Tsao traita parfaitement l’envoyé de Youen-Chao, et, d’après ses nouveaux plans, il le chargea de porter à son maître les titres de gouverneur de quatre districts, de général de première classe et de ministre d’état[1], avec l’ordre de réduire Kong-Sun-Tsan, secrètement joint à la lettre et suivi de ces mots : « J’irai en personne joindre mes forces aux vôtres. » La joie de Youen-Chao fut grande à l’arrivée de l’envoyé ; il se hâta d’obéir.
Cependant Liu-Pou, toujours établi à Su-Tchéou, passait sa vie dans les festins. Un soir qu’il traitait Tchin-Kouey et son fils[2], ces deux personnages (attachés à sa perte) le flattaient par leurs discours. Tchin-Kong s’en irritait ; il trouva même l’occasion de dire tout bas à l’oreille de Liu-Pou : « Les deux hommes qui vous encensent, général, veulent vous perdre, j’en ai peur…. Prévenez leurs mauvais desseins, il le faut… — Et vous, répliqua le guerrier d’une voix irritée, arrière avec vos calomnies, qui tendent à ruiner des mandarins fidèles et vertueux ! Qui d’eux ou de vous est le flatteur ? Si je n’avais égard à d’anciens services, je vous ferais décapiter à l’instant. — J’ai un cœur loyal et fidèle, reprit Kong en soupirant ; il ne veut pas y lire la vérité… ; avant peu il sera puni de son aveuglement ! »
Kong était prêt à donner sa démission (à quitter ce maître aveugle et insouciant pour retourner près de Tsao) ; la[3] crainte de s’exposer à la risée de tout l’Empire l’arrêta. Plongé dans de tristes réflexions, silencieux, il s’en alla chasser du côté de la ville de Siao-Pey (ou résidait Hiuen-Té), emmenant avec lui une dizaine de cavaliers. Tout à coup passa devant lui un homme à cheval qui galopait ventre à terre ; agité de quelques soupçons, Kong s’éloigne des chasseurs avec ses affidés, se jette sur les traces de ce courrier par une route écartée, et l’aborde en lui criant : « Pour le service de qui faites-vous cette course ? »
- ↑ Le mot ministre d’état est pris tel quel dans Morrison.

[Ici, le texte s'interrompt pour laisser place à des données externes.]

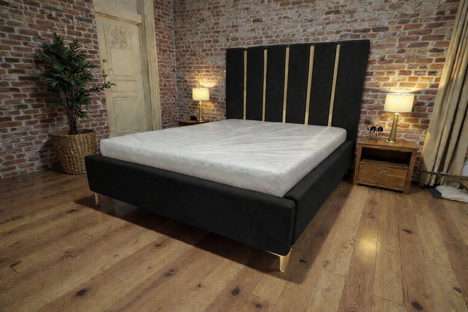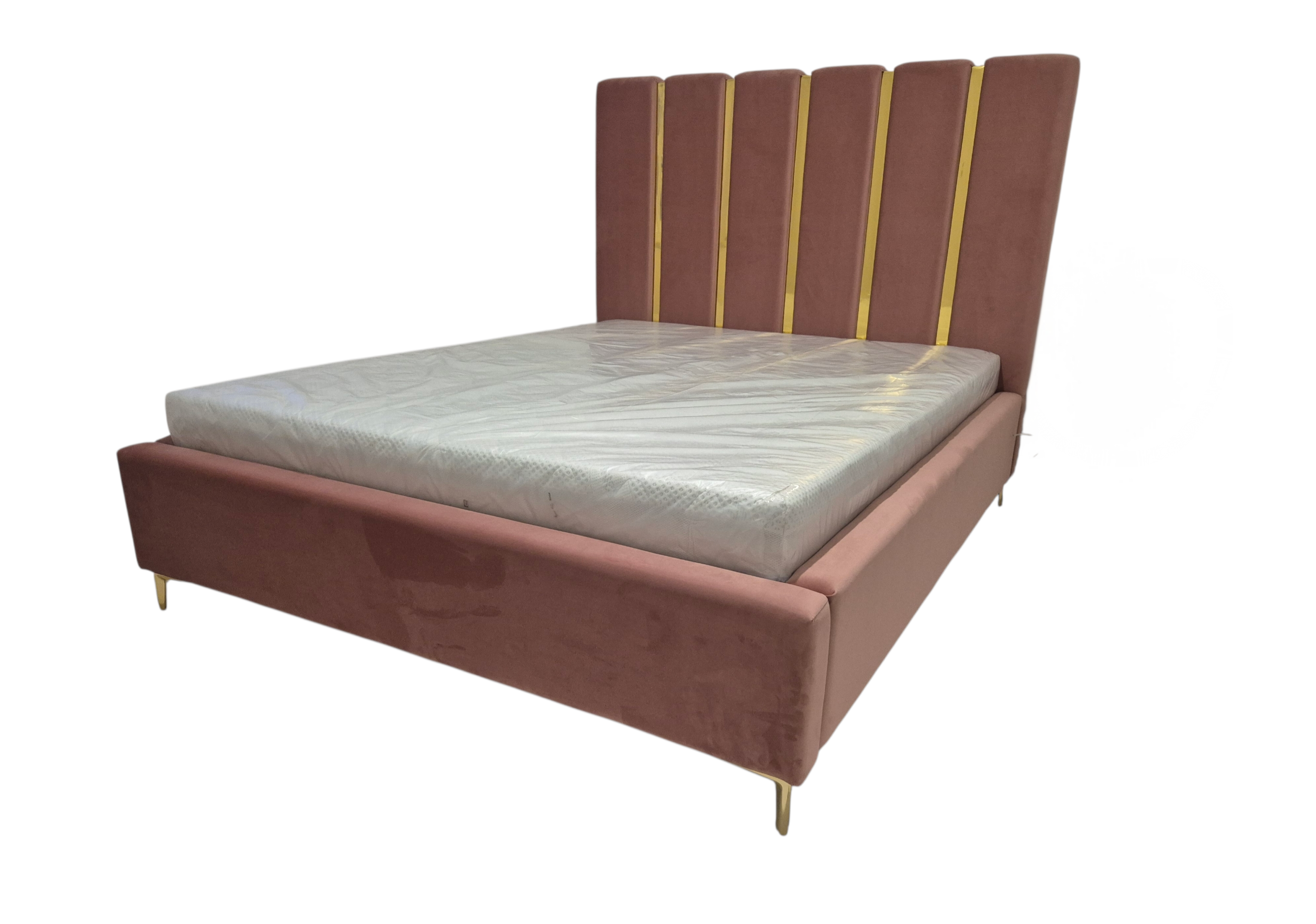 Zagłowie wykonane jest z szerokich paneli, pomiędzy którymi zastosowano ozdobną listwę o szerokości 5 cm. Do wyboru listwa w kolorze złotym, chromowanym lub czarny połysk. Przód oraz boki łóżka tapicerowane są na gładko, co podkreśla nowoczesny styl mebla.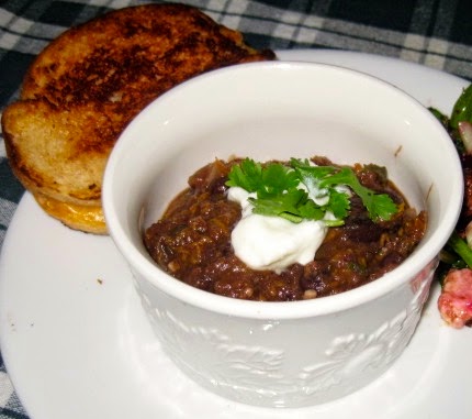 NOTE: If you have an immersion blender, you could add all ingredients except half the beans and the water to the sauteed onions and blend until the mixture is smooth. Then add the remaining beans and water, continuing with step 5 above.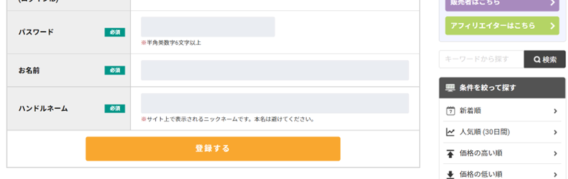 当ブログで紹介してます他のサイトも、ほぼ同様の登録となります。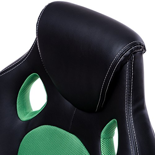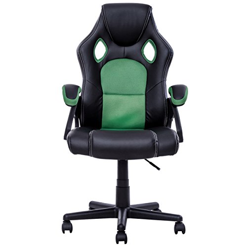Racing Style High Back Executive Office Desk Gaming Chair Comfortable Bucket Seat Swivel Desk Task Adjustable Height PU Leather Upholstery Posture Support.Modern racing style gaming chair, comfort soft PU leather upholstery backs support, adjustable seat height makes this chair ideal for those who work at desks for long period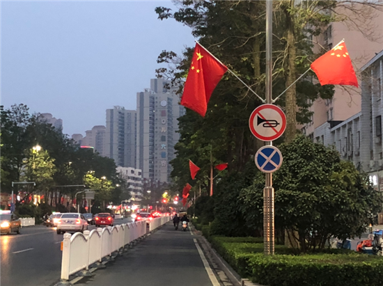 秋風(fēng)徐徐,桂花飄香,旗幟鮮艷,迎風(fēng)飄揚。國慶節(jié)臨近,市區(qū)主要干道、重要窗口區(qū)域都懸掛著國旗,一路飄“紅”,讓市民在喜慶祥和的氣氛中迎來第71個國慶節(jié)。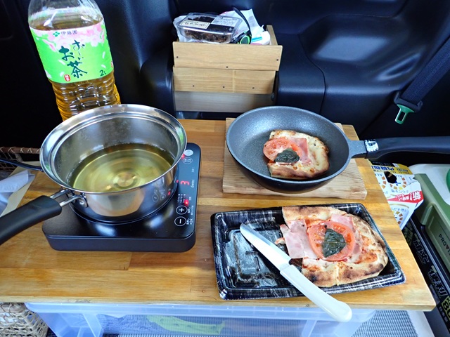 IHクッキングヒーターでピザとお茶を温めるて朝食としました。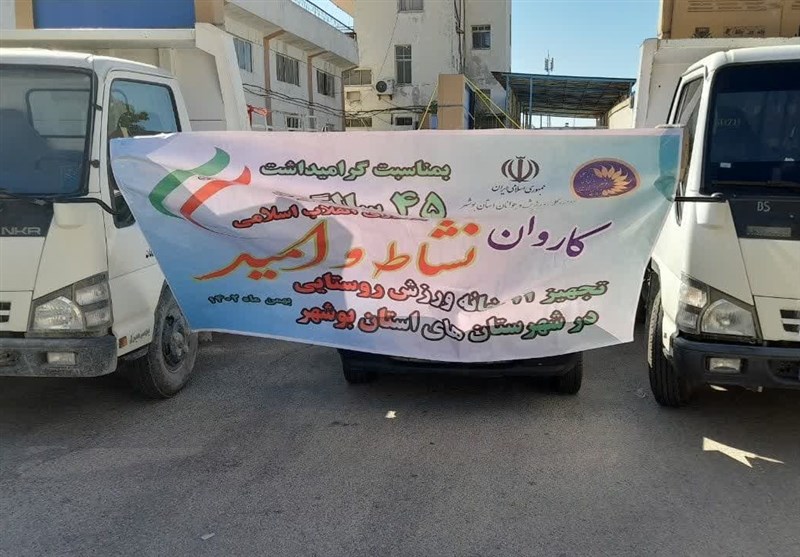 به گزارش خبرگزاری تسنیم از بوشهر، همزمان با چهل و پنجمین سالگرد پیروزی اسلامی ظهر امروز با حضور مدیرکل ورزش و جوانان استان بوشهر، رئیس هیئت ورزشهای روستایی و عشایری و بازیهای بومی و محلی استان و دیگر مسئولان مراسم اعزام کاروان نشاط و امید برای تجهیز خانههای ورزش روستایی برگزار شد.

- ↑ Voir plus haut, page 34.
- ↑ Voir plus haut, page 10. Nous avons développé ici le sens du texte. Si Tchin-Kong craint de s’attirer la risée de ses contemporains, il lui passe donc dans l’esprit de retourner auprès de Tsao, qu’il a déjà abandonné une fois (vol. Ier, page 79), et dont il a été plus tard fort mal reçu (vol. Ier, p. 174) ; enfin devant qui il ne peut reparaître sans honte.